Helen Schwab

Competition dining catch-up

Dyrness’s high-scoring dish.
Dyrness’s high-scoring dish. Competition Dining Series

Catching up on the Competition Dining that pits area chefs in head-to-head contests, using N.C. foodstuffs:

April 12

Matchup: Chef Tom Dyrness of Mama Ricotta’s and Chef Ryan Forte of Southminster Retirement Community.

Surprise ingredient: Bertie County peanuts.

Highest scoring dish of the night: Flourless chocolate torte, roasted Bertie County peanut-chocolate glaze, peanut butter mousse, blackberry jam, sea salt caramel (by chef Dyrness).

Advancing: Dyrness, 29.76972302 to 29.34324835.

April 13

Matchup: Chef Steven Goff of King James Public House (Asheville) and Chef Paul Verica of Heritage Food & Drink.

Surprise ingredient: Coldwater Creek Farms organic grains.

Highest scoring dish of the night: Buttermilk panna cotta, Coldwater Creek Farms organic corn cake, sweet corn caramel, Bayne Brewing Company Hefeweizen-macerated N.C. berries, tarragon (by chef Goff).

Advancing: Goff, 28.22840000 to 27.15630810.

April 14

Matchup: Chef David Moore of Gallery Restaurant and Chef Ben Miles of BLT Steak.

Surprise ingredients: Goodnight Brothers Carolina cured ham and Goat Lady Dairy “Lindale.”

Highest scoring dish of the night: La Farm Bakery sourdough-goat lady dairy “Lindale” bread pudding, “Lindale”-black truffle fondue, shaved Goodnight Brothers Carolina cured ham, herb salad, baked ham, sweet jalapeño (by chef Moore).

Advancing: Miles, 27.44558824 to 25.67145136.

April 19

Matchup: Chef Chris Coleman of The Asbury and Chef Joseph Cornett of The Flipside Café.

Surprise ingredient: N.C. sweet potatoes.

Highest scoring dish of the night: Rosemary Pete’s Murasaki sweet potato empanada, purple sweet potato cheesecake, N.C. sweet potato marshmallow, sweet potato caramel (by chef Cornett).

Advancing: Cornett, 30.08674102 to 25.06818182.

April 20

Matchup: Chef Clark Barlowe of Heirloom Restaurant and Chef Mike Suppa of Vivace.

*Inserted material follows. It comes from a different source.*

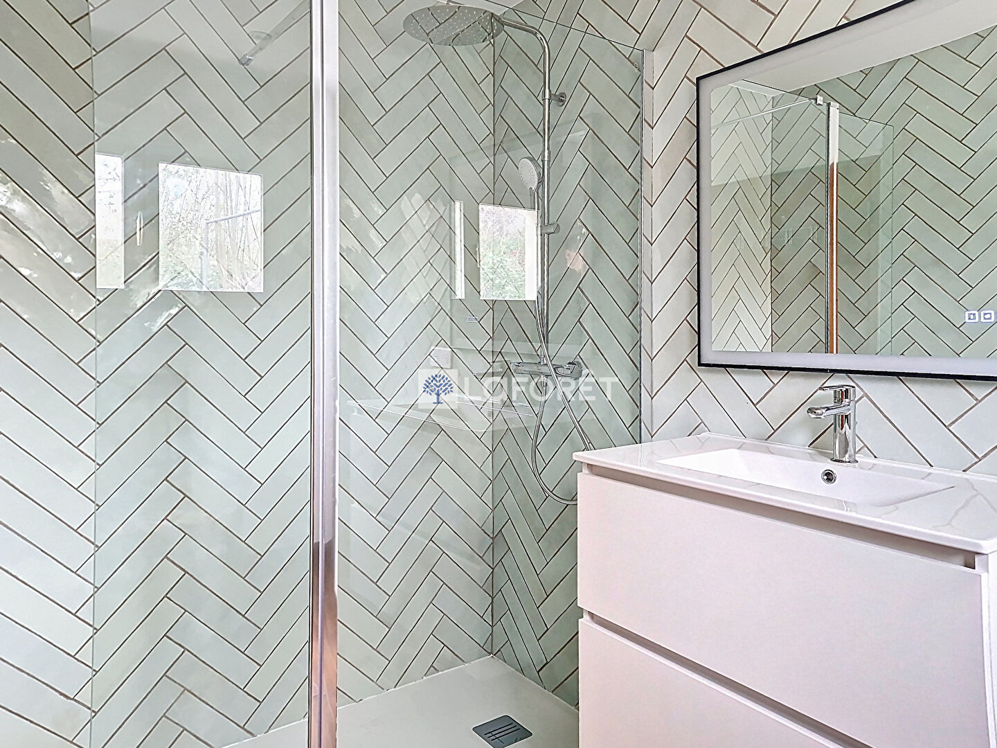 Elle se compose d'une entrée desservant une cuisine ainsi qu'un vaste séjour lumineux ouvert sur le jardin. Vous profiterez également d'une grande chambre, de deux salles d'eau et de WC indépendants.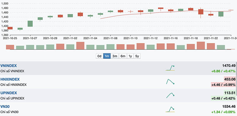Kết thúc phiên giao dịch ngày 23/11, VN-Index tăng 16,38 điểm (1,13%) lên 1.463,63 điểm. HNX-Index tăng 3,98 điểm (0,9%) lên 448,6 điểm. UPCoM-Index tăng 1,07 điểm (0,96%) lên 113,03 điểm.

Surprise ingredient: Black Mountain chocolate and Cactus Creek gourmet coffee.

Highest scoring dish of the night: Cactus Creek Tanzanian Peaberry-Black Mountain chocolate coca nib cake, cocoa nib-coffee-hickory smoked berries, chocolate ganache, vanilla bean mascarpone (by chef Barlowe).

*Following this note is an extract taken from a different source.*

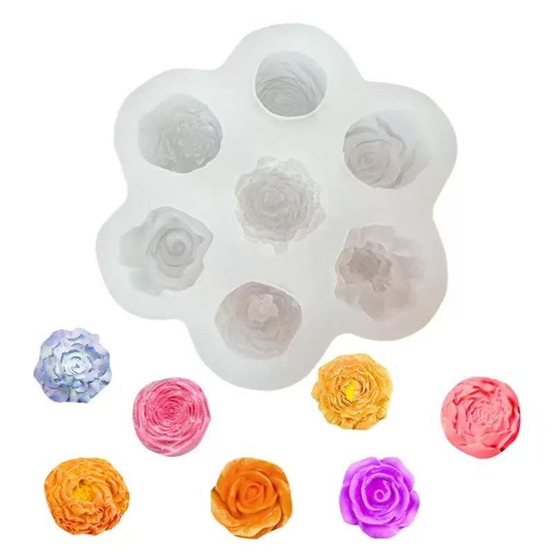 A premium 7-cavity floral cluster mold made from soft-flex, matte, milky-white silicone, engineered to cast 3D rose-top pillar candles with deep petal layering and crisp floral edges. Each cavity forms a different rose bloom pattern (stacked spiral, open rose, peony-style rose, classic rose, and hybrid petal layouts). The candle samples displayed below the mold show vibrant multi-color floral candles (yellow, orange, purple, blue, pink, red), proving its ability to retain definition even with dyed wax blends and gradient pours.

Advancing: Suppa, 27.06666667 to 24.95795880.

April 21

Matchup: Chef Ben Philpott of Block & Grinder and Chef Neil Bratton of Local Dish.

Surprise ingredients: Joyce Farms Poulet Rouge and High Rock Farms pecans.

Highest scoring dish of the night: Joyce Farms smoked Poulet Rouge ravioli, Chapel Hill Creamery Calvander cream, oyster mushrooms, asparagus, Poulet Rouge crispy skin, High Rock Farms candied pecans (by chef Bratton).

Advancing: Bratton, 30.30635838 to 29.32091887.

April 27

Matchup: Chef Brent Martin of The Summit Room and Chef John Morey of Bank of America Stadium.

Featured ingredient: Battle Certified Angus Beef brand tenderloin and Savory Spice Shop South End cocoas.

Highest scoring dish of the night: Certified Angus Beef Brand tenderloin tartar, Savory Spice Shop South End black onyx cocoa shingle, foie gras pâté, vanilla oil, Scott Farms sweet potato chips, Manchester Farm quail egg, lemon confit, black garlic aioli (by chef Martin).

Advancing: Martin, 29.25714286 to 25.39066667.

April 28

Matchup: Chef Michael Fisera of Lexington Avenue Brewery (Asheville) and Chefs Ryan Daugherty and Eric Litaker of Dogwood Southern Table & Bar.

Featured ingredients: Certified Angus Beef brand bone-in ribeye steak and N.C. chicken eggs.

Highest scoring dish of the night: N.C. egg drop dashi, Chinese barbecue Certified Angus Beef brand ribs, oyster mushrooms, cashew gremolata (by chef Fisera)

Advancing: Daugherty and Litaker, 27.94434389 to 24.77579909.